##### Dataset

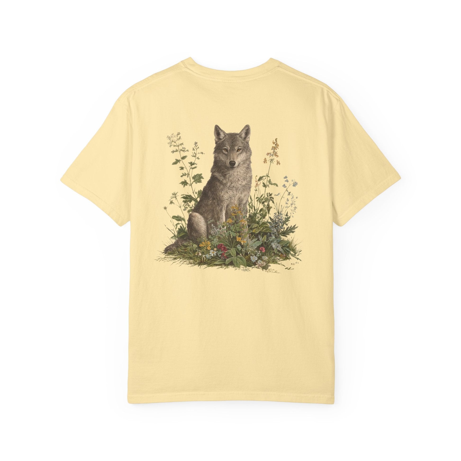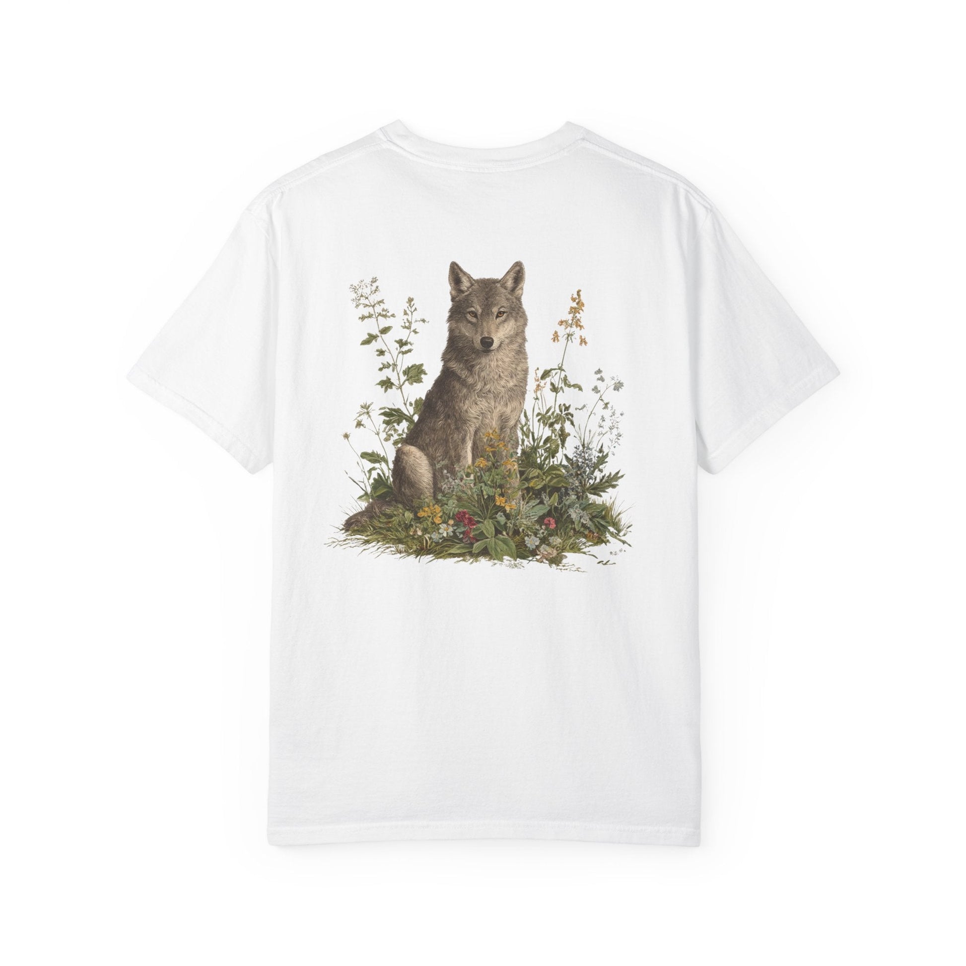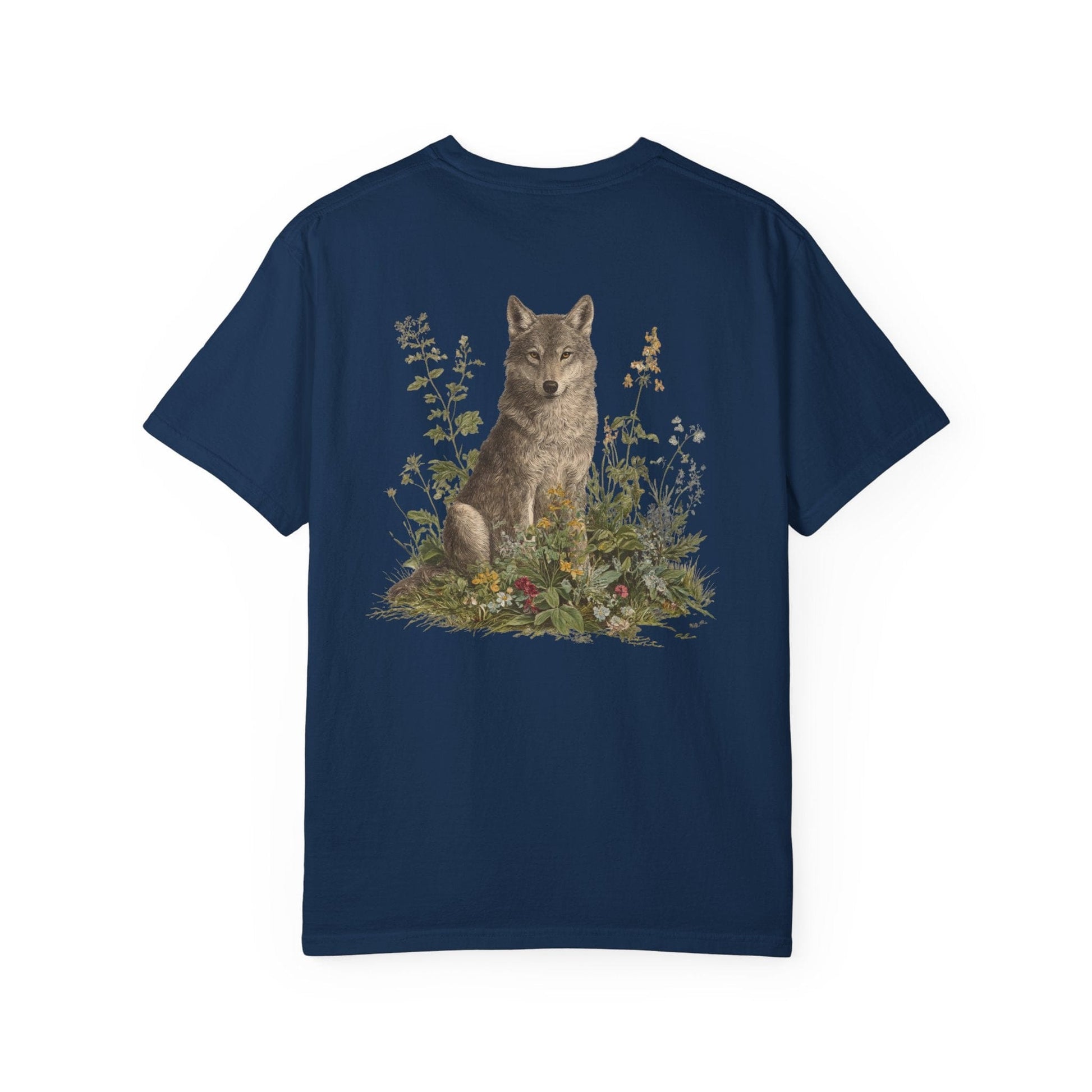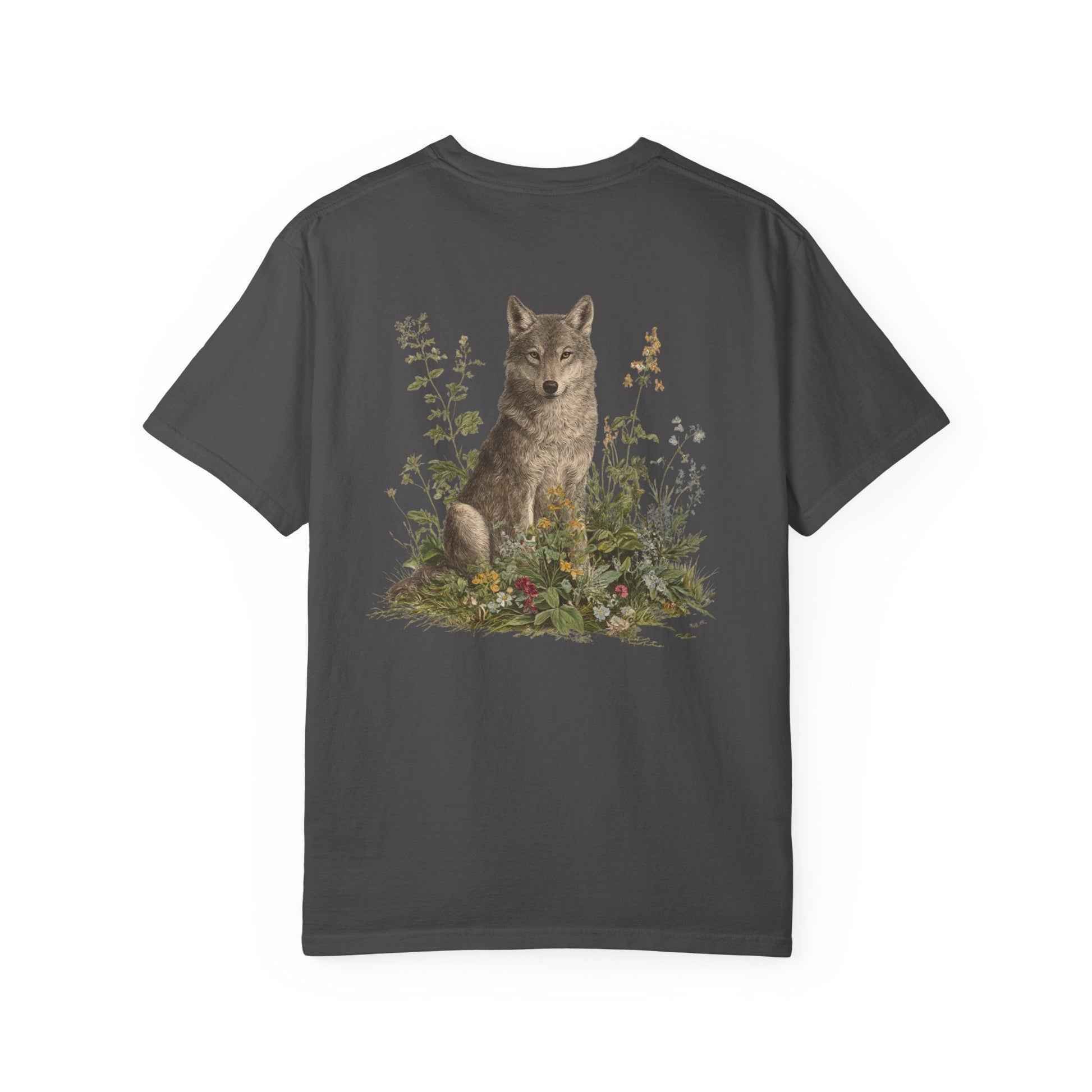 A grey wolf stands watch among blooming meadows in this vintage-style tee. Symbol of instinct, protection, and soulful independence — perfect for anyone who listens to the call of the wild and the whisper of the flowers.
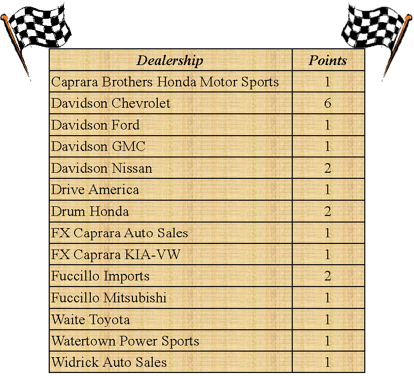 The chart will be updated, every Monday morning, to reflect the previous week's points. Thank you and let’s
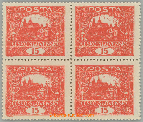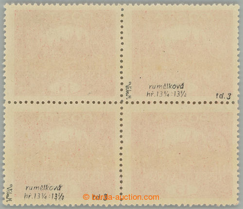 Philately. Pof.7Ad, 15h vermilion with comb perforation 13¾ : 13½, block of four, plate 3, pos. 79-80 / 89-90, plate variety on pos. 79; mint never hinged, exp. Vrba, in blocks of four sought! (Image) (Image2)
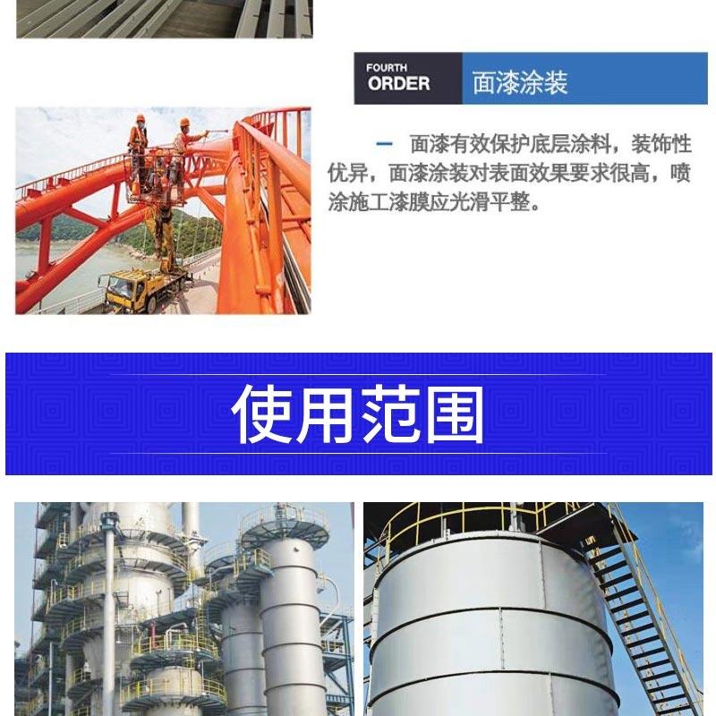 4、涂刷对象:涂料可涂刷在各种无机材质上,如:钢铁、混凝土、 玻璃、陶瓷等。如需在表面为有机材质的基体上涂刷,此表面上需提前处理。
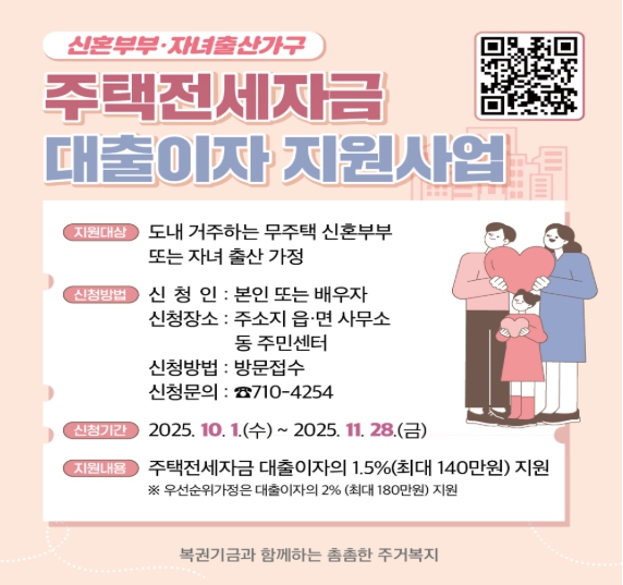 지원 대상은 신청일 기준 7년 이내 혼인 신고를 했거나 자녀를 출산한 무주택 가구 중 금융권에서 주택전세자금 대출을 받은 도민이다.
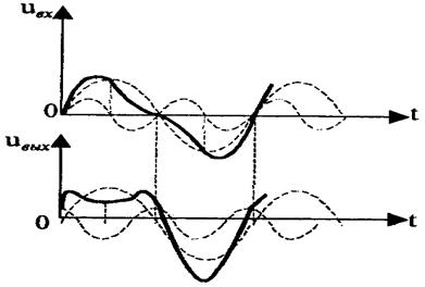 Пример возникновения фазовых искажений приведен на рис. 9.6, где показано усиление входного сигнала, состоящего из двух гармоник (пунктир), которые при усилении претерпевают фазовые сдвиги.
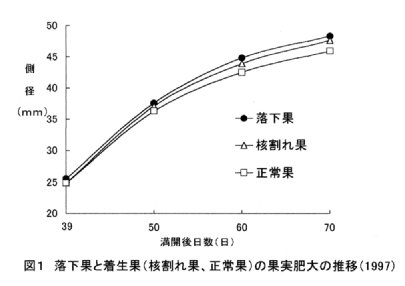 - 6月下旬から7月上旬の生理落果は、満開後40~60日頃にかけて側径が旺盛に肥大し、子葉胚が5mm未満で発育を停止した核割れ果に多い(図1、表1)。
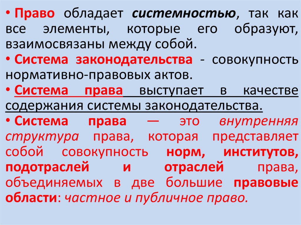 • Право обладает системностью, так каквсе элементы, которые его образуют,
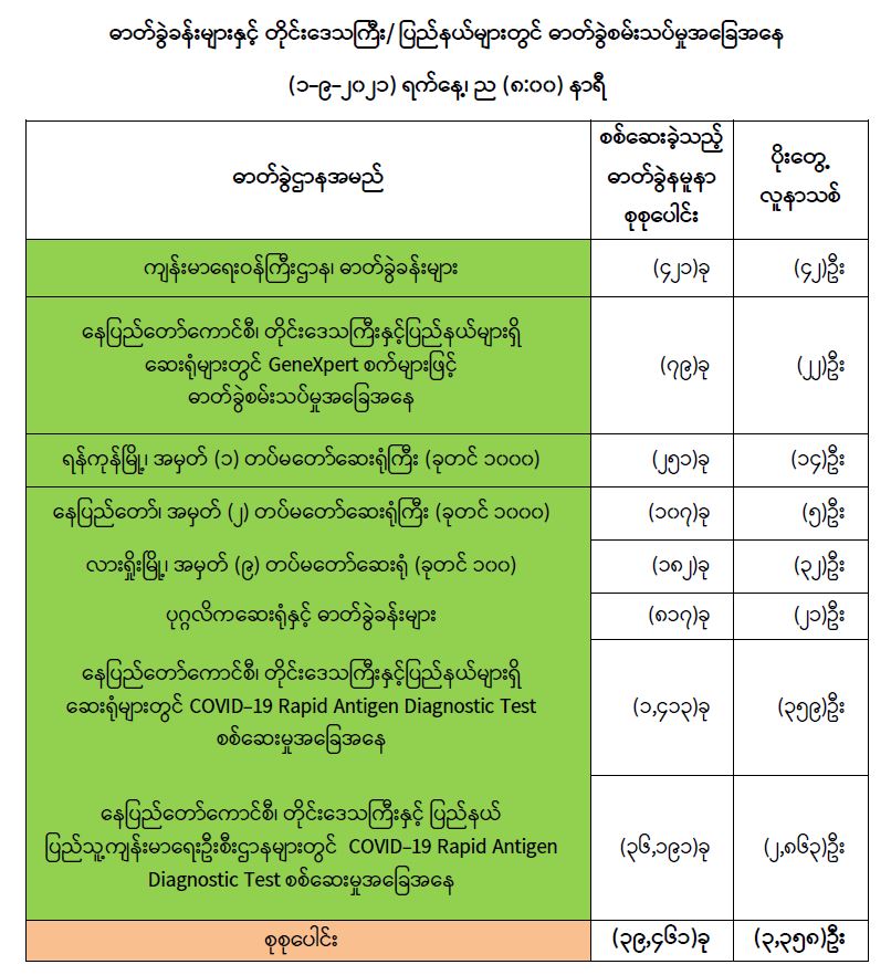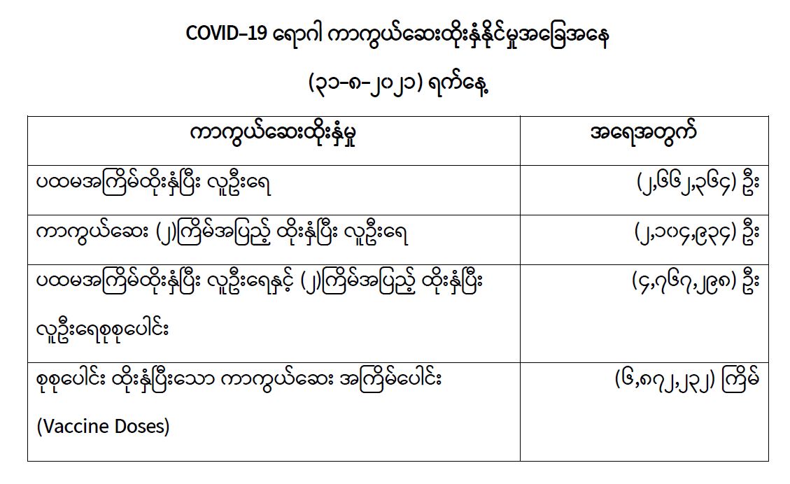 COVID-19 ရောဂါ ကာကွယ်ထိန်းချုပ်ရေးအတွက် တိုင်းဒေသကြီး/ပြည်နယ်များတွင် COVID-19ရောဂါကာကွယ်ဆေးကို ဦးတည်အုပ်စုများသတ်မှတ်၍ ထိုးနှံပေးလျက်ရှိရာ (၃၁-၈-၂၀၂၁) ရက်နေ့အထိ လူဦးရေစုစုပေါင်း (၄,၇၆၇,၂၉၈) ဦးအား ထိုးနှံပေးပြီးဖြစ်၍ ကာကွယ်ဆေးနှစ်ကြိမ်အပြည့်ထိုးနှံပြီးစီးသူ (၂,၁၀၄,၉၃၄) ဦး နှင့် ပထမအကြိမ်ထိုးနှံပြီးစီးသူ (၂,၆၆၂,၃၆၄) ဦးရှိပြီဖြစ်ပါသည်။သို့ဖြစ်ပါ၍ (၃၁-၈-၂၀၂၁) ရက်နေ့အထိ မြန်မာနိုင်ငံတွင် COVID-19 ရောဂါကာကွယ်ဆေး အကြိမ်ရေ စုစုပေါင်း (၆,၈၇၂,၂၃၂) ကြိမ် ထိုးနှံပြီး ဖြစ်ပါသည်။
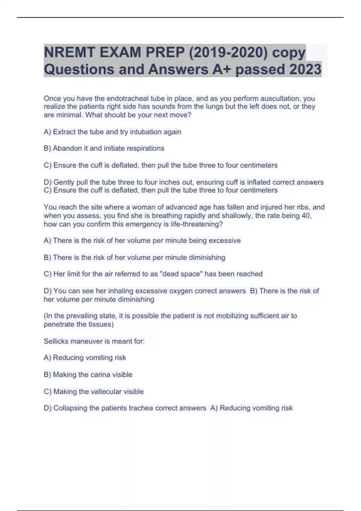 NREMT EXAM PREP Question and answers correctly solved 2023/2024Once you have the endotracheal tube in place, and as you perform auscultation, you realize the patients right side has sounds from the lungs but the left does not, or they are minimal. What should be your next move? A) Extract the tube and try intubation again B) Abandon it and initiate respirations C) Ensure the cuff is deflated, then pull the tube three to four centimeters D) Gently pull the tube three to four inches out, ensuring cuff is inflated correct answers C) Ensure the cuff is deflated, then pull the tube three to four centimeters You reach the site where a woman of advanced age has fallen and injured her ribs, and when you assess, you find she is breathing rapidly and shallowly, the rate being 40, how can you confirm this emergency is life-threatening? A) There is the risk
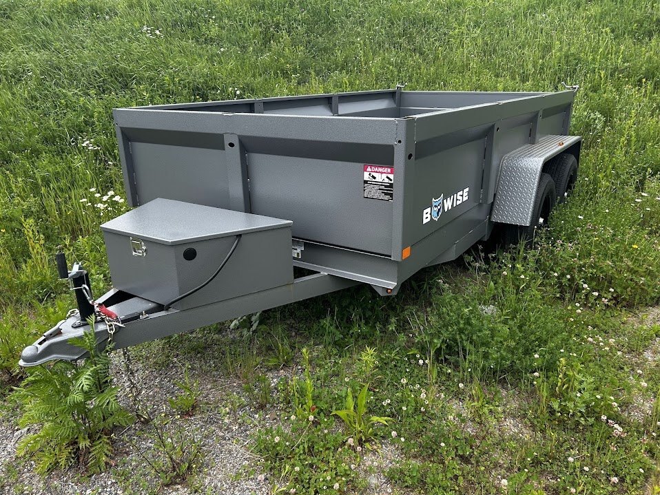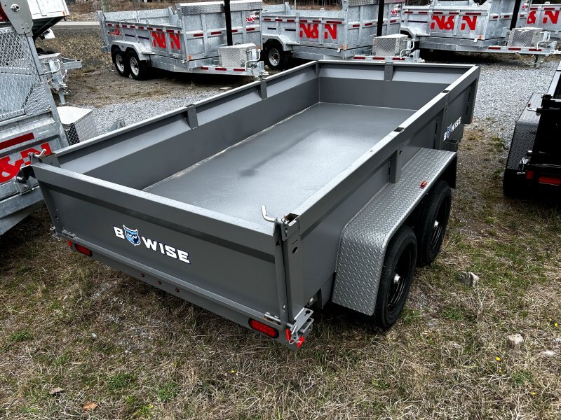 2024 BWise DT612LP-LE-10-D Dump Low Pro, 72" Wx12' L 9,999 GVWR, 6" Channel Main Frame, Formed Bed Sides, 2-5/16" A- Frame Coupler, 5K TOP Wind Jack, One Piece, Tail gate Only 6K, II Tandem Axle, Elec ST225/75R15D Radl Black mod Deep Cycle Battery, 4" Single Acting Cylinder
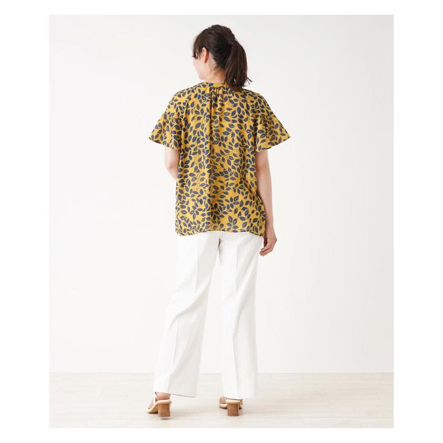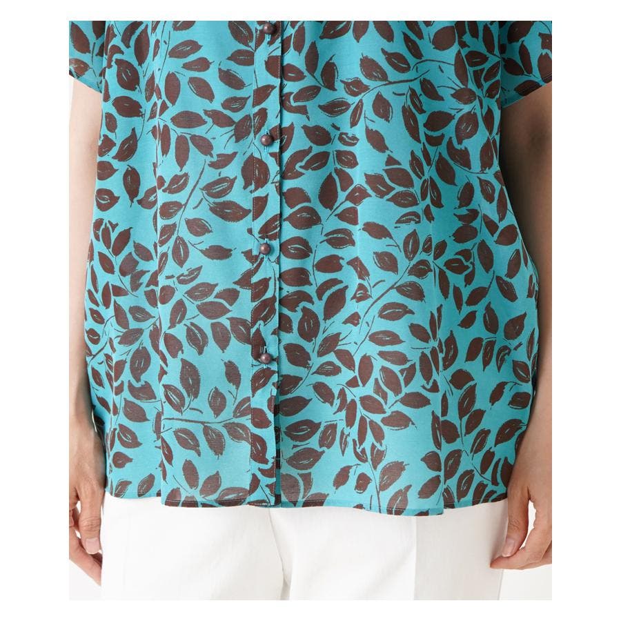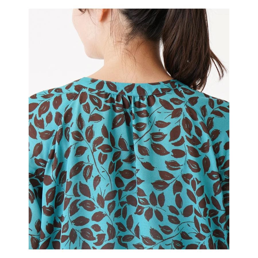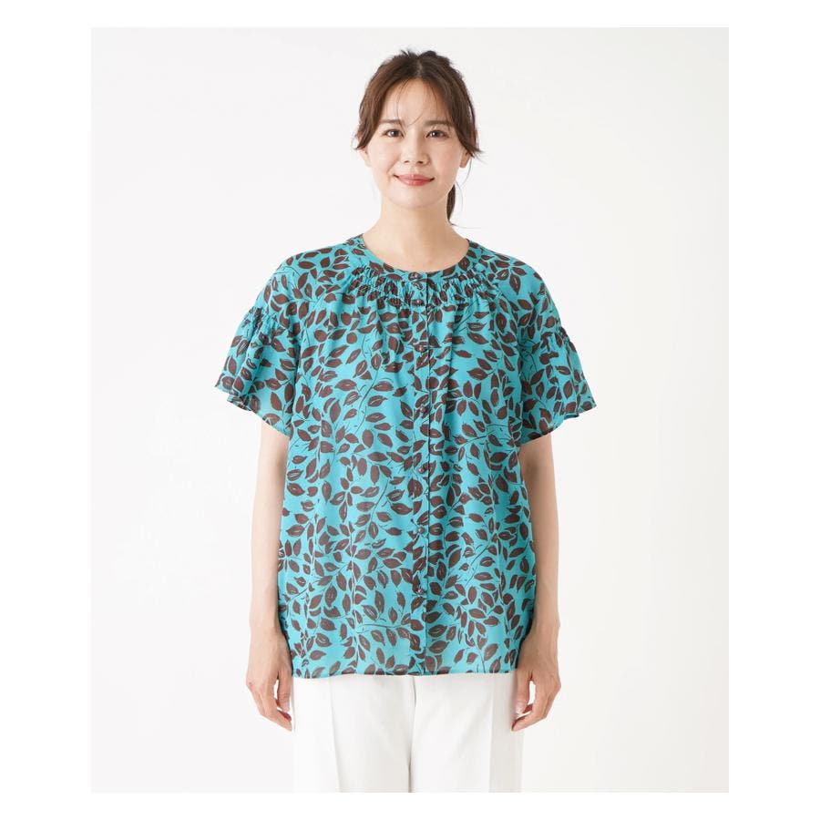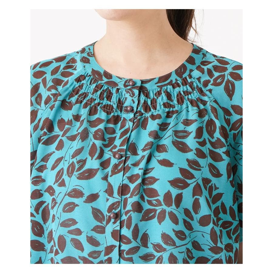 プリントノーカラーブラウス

##########

[Exercise aim]:
Copy the records above exactly, leaving out every picture.

[Result]:
 A grey wolf stands watch among blooming meadows in this vintage-style tee. Symbol of instinct, protection, and soulful independence — perfect for anyone who listens to the call of the wild and the whisper of the flowers.
 The chart will be updated, every Monday morning, to reflect the previous week's points. Thank you and let’s
 Philately. Pof.7Ad, 15h vermilion with comb perforation 13¾ : 13½, block of four, plate 3, pos. 79-80 / 89-90, plate variety on pos. 79; mint never hinged, exp. Vrba, in blocks of four sought! (Image) (Image2)
 4、涂刷对象:涂料可涂刷在各种无机材质上,如:钢铁、混凝土、 玻璃、陶瓷等。如需在表面为有机材质的基体上涂刷,此表面上需提前处理。
 지원 대상은 신청일 기준 7년 이내 혼인 신고를 했거나 자녀를 출산한 무주택 가구 중 금융권에서 주택전세자금 대출을 받은 도민이다.
 Пример возникновения фазовых искажений приведен на рис. 9.6, где показано усиление входного сигнала, состоящего из двух гармоник (пунктир), которые при усилении претерпевают фазовые сдвиги.
 - 6月下旬から7月上旬の生理落果は、満開後40~60日頃にかけて側径が旺盛に肥大し、子葉胚が5mm未満で発育を停止した核割れ果に多い(図1、表1)。
 • Право обладает системностью, так каквсе элементы, которые его образуют,
 COVID-19 ရောဂါ ကာကွယ်ထိန်းချုပ်ရေးအတွက် တိုင်းဒေသကြီး/ပြည်နယ်များတွင် COVID-19ရောဂါကာကွယ်ဆေးကို ဦးတည်အုပ်စုများသတ်မှတ်၍ ထိုးနှံပေးလျက်ရှိရာ (၃၁-၈-၂၀၂၁) ရက်နေ့အထိ လူဦးရေစုစုပေါင်း (၄,၇၆၇,၂၉၈) ဦးအား ထိုးနှံပေးပြီးဖြစ်၍ ကာကွယ်ဆေးနှစ်ကြိမ်အပြည့်ထိုးနှံပြီးစီးသူ (၂,၁၀၄,၉၃၄) ဦး နှင့် ပထမအကြိမ်ထိုးနှံပြီးစီးသူ (၂,၆၆၂,၃၆၄) ဦးရှိပြီဖြစ်ပါသည်။သို့ဖြစ်ပါ၍ (၃၁-၈-၂၀၂၁) ရက်နေ့အထိ မြန်မာနိုင်ငံတွင် COVID-19 ရောဂါကာကွယ်ဆေး အကြိမ်ရေ စုစုပေါင်း (၆,၈၇၂,၂၃၂) ကြိမ် ထိုးနှံပြီး ဖြစ်ပါသည်။
 NREMT EXAM PREP Question and answers correctly solved 2023/2024Once you have the endotracheal tube in place, and as you perform auscultation, you realize the patients right side has sounds from the lungs but the left does not, or they are minimal. What should be your next move? A) Extract the tube and try intubation again B) Abandon it and initiate respirations C) Ensure the cuff is deflated, then pull the tube three to four centimeters D) Gently pull the tube three to four inches out, ensuring cuff is inflated correct answers C) Ensure the cuff is deflated, then pull the tube three to four centimeters You reach the site where a woman of advanced age has fallen and injured her ribs, and when you assess, you find she is breathing rapidly and shallowly, the rate being 40, how can you confirm this emergency is life-threatening? A) There is the risk
 2024 BWise DT612LP-LE-10-D Dump Low Pro, 72" Wx12' L 9,999 GVWR, 6" Channel Main Frame, Formed Bed Sides, 2-5/16" A- Frame Coupler, 5K TOP Wind Jack, One Piece, Tail gate Only 6K, II Tandem Axle, Elec ST225/75R15D Radl Black mod Deep Cycle Battery, 4" Single Acting Cylinder
 プリントノーカラーブラウス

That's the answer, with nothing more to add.